Successive ministers at the Department for Transport (DfT) may have acted in breach of the law on motor insurance for decades, according to a senior solicitor who is considering bringing a formal complaint to the European Commission.
In “Good law?”, published exclusively on the NLJ website this week, Nicholas Bevan argues that the DfT’s arrangements for victims of uninsured and untraced drivers over the last 70 years conflict with several basic tenets of the rule of law.

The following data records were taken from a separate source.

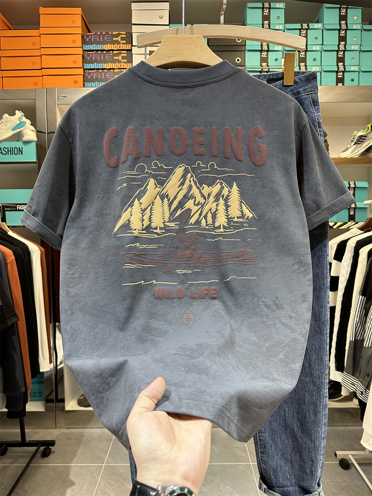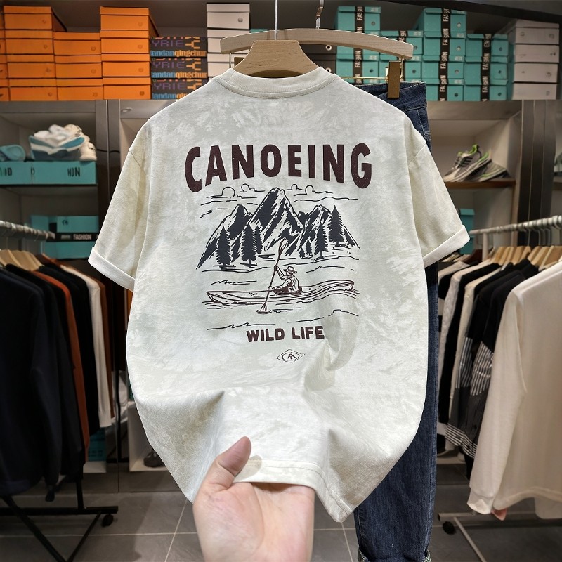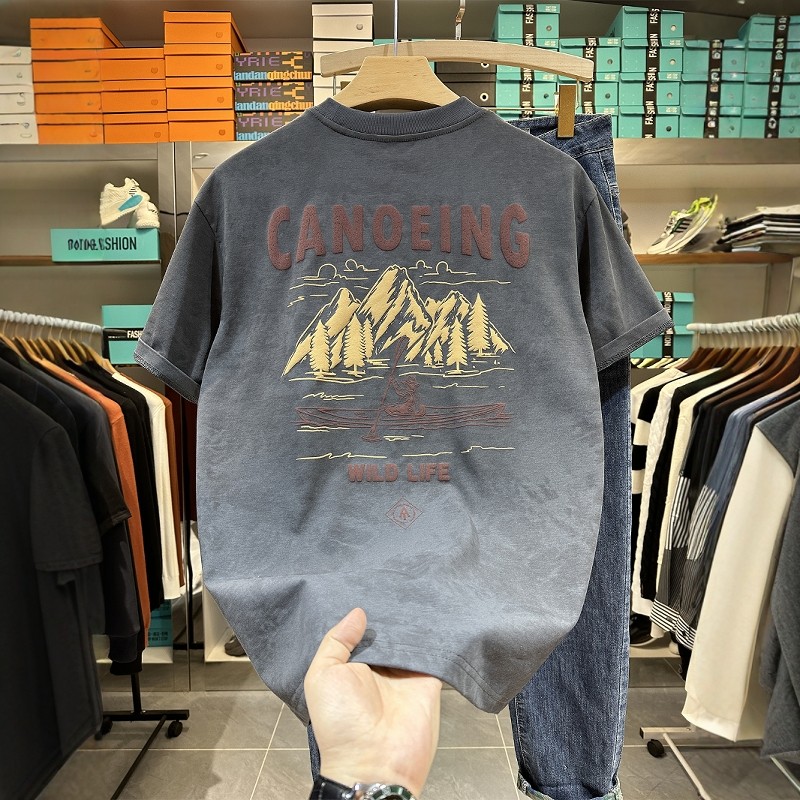 夏季潮牌印花短袖T恤衫2026新款水洗复古做旧体恤吸汗男士上衣服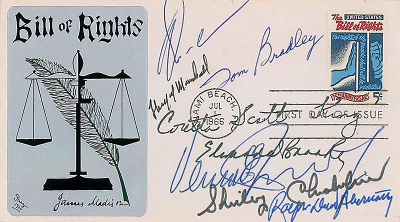 FDC with an affixed metallic cachet honoring the Bill of Rights and James Madison, signed in ink and felt tip by eight Civil Rights leaders, including Coretta Scott King, Ralph Abernathy, Shirley Chisholm, Thurgood Marshall, Edward Brooke, and three others. In fine condition.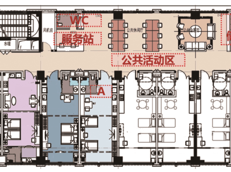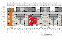 一期建筑面积3.01万㎡,地上共24层2.9万㎡,其中-1层生活物品平价超市,1-2层为医保配套药店,3-4层为老年娱乐乐活空间,5-6层医康母婴,10层为医康介护,12层为医康康复,24层为营养餐厅,25层为空中花园。7-11层、13-23层为适老化精装修颐养公寓,每层建筑面积1100㎡,每层14户,共254户。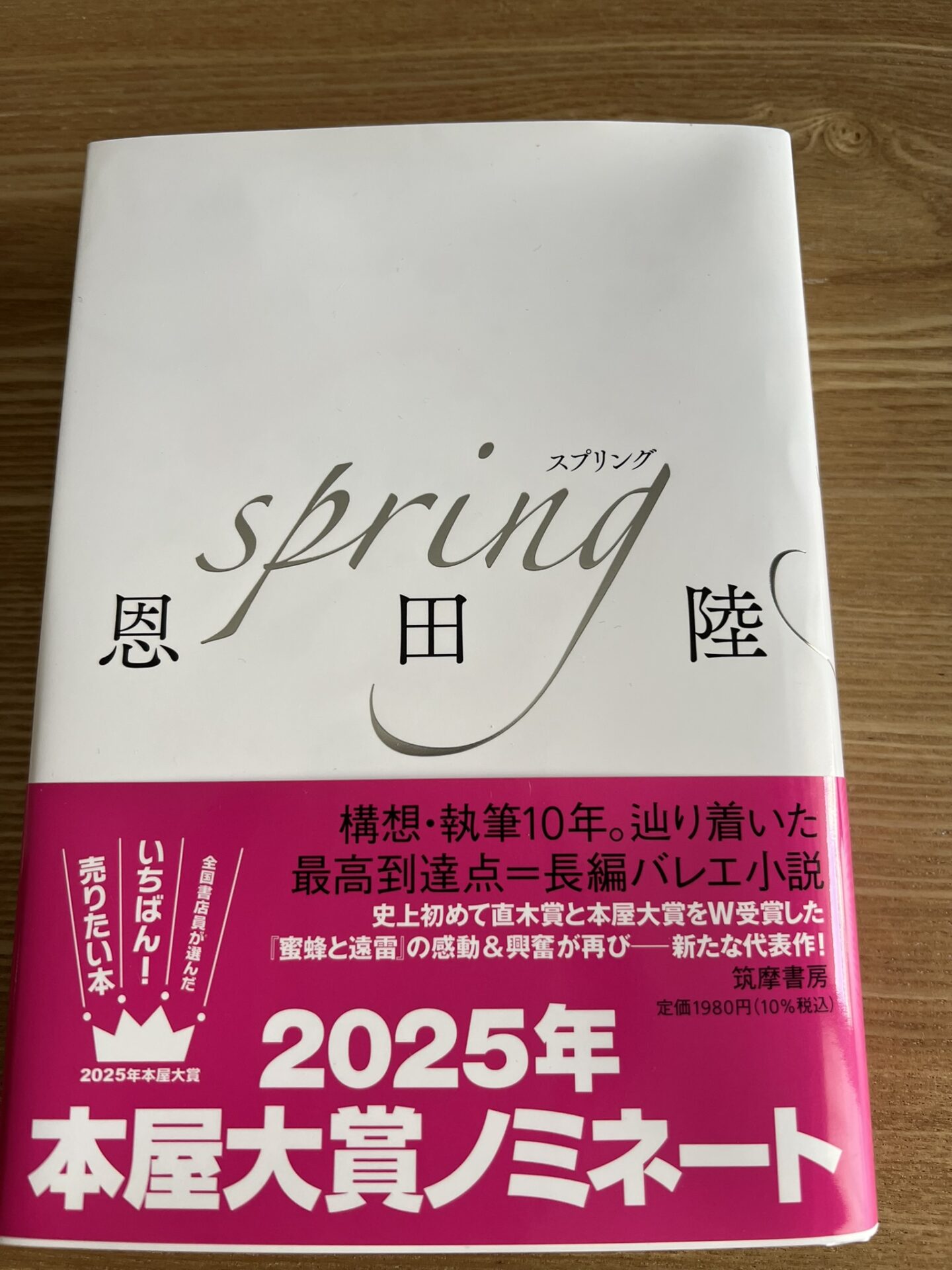 届きました! 趣味 X Facebook LINE コピー 2025.11.15 圧迫骨折中の私、安静中の暇にネットで本を発注!! 今日届きましたー👏 実は「恩田 陸」さんは4冊目です。 特に音楽好きな私は「蜜蜂と遠雷」 何度も読みこみました。 まるでその音楽が文字から聞こえてきそうな緊張と興奮!素敵です。 今読んでいる本もネットで購入したのですがあと少しで読み終わります。 安静中の私、本屋さんに出向けず、今回もネットで本屋大賞から選びました。 「spring・スプリング」 踊るバレーのお話、楽しみです !(^^)!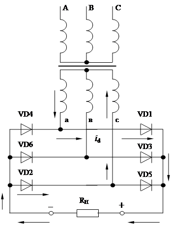 Схема шестипульсового мостового выпрямителя представлена на рис. 3.11. В схеме три вентиля (VD2, VD4, VD6) объединены в катодную группу, а три других (VD1, VD3, VD5) – в анодную. В любой момент времени ток проводят два вентиля – один в анодной и один в катодной группе. На схеме указано направление тока i d для случая, когда наибольшее положительное напряжение на фазе а, наибольшее отрицательное напряжение на фазе с, ток проводят вентили VD1 и VD2. Очерёдность вступления в работу остальных вентилей соответствует их номерам. В схеме используется выпрямительный агрегат ПВЭ-5.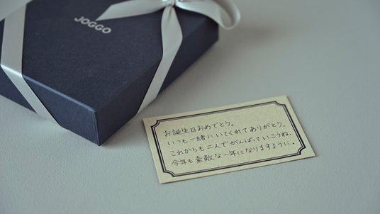 ジョッゴが運営するブランド「JOGGO」のアイテムは、カラーを自由にカスタマイズできることから、お客様から大切な人へのギフトアイテムとしても選ばれています。相手を想いながら色を選んだアイテムに、「手漉きのメッセージカード」で言葉を添えて贈ることができます。このメッセージカードは、お客様ご自身で手書きすることも、「JOGGO」で印字することも可能です。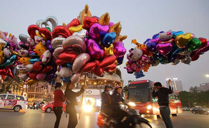 - Vendedores con globos en las calles de Vietnam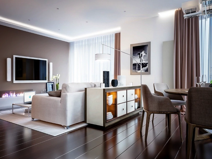 Одним из способов разделения пространства может стать использование разных полов или отделок на стенах. Например, зона спальни может быть выделена темным ламинатом или ковровым покрытием, в то время как гостиная будет иметь светлые отделочные материалы. Такой подход поможет визуально разделить пространство и сделает его более комфортным для использования. Можно использовать глянцевые натяжные потолки, они визуально расширяют пространство.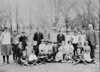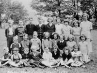 Back row (L to r):Teacher (unknown), Verral Matthews, Lambert Wilson, Theodore Kell, Willard Stewart, Betty Harrison,, IHS1358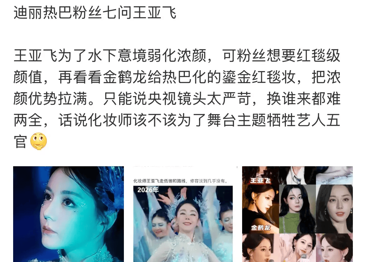 粉丝的不满在这一刻彻底爆发,连夜整理出一份堪称檄文的七问,直接将王亚飞推上了舆论风口。这七问字字戳中核心,从为何始终弱化迪丽热巴标志性的眉眼优势,到修容失当让立体五官变得扁平,再到屡次无视粉丝建议坚持模板化妆,每一个问题都指向了王亚飞长期以来的无效化妆操作。在粉丝看来,这次春晚的妆容翻车绝非偶然,而是化妆师失职,甚至阴谋论他和别人勾结,故意这么恶搞迪丽热巴。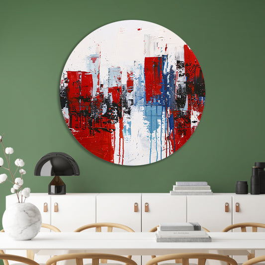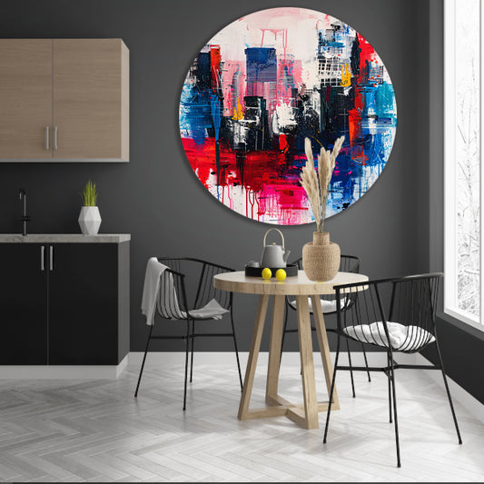 Abstract schilderij van stadsgezicht met kleuren aluminium muurcirkel

Bevan says the Motor Insurers Bureau (MIB) Agreements, under which victims are compensated, also infringe European Community laws, and should be revoked. The DfT is due to revise its compensation scheme for victims later this month. Bevan, a personal injury solicitor with more than 25 years’ experience, campaigns for reform of motor insurance law to adhere to the minimum standards of protection required by the European Motor Insurance Directive. Bevan argues that, as a result of various flaws and loopholes in the law in this area, the government has been in breach of the European Motor Insurance Directives since 1973 and questions the legal standing of the MIB Agreements: “If the House of Lords, in White v White [2001] UKHL 9, was correct in classing them as no more than private law agreements between a minister and a contractor, then it is difficult to discern the constitutional principle under which they confer judiciable rights on private citizens.
“We have a right to a properly integrated compensatory guarantee scheme: one that is clear and accurate in the rights it confers and free of loopholes and partiality.
At the very least, it must conform to Community law minimum standards. Our national law provision should protect the vulnerable by guaranteeing that victims will receive the full amount of damages they are entitled to.”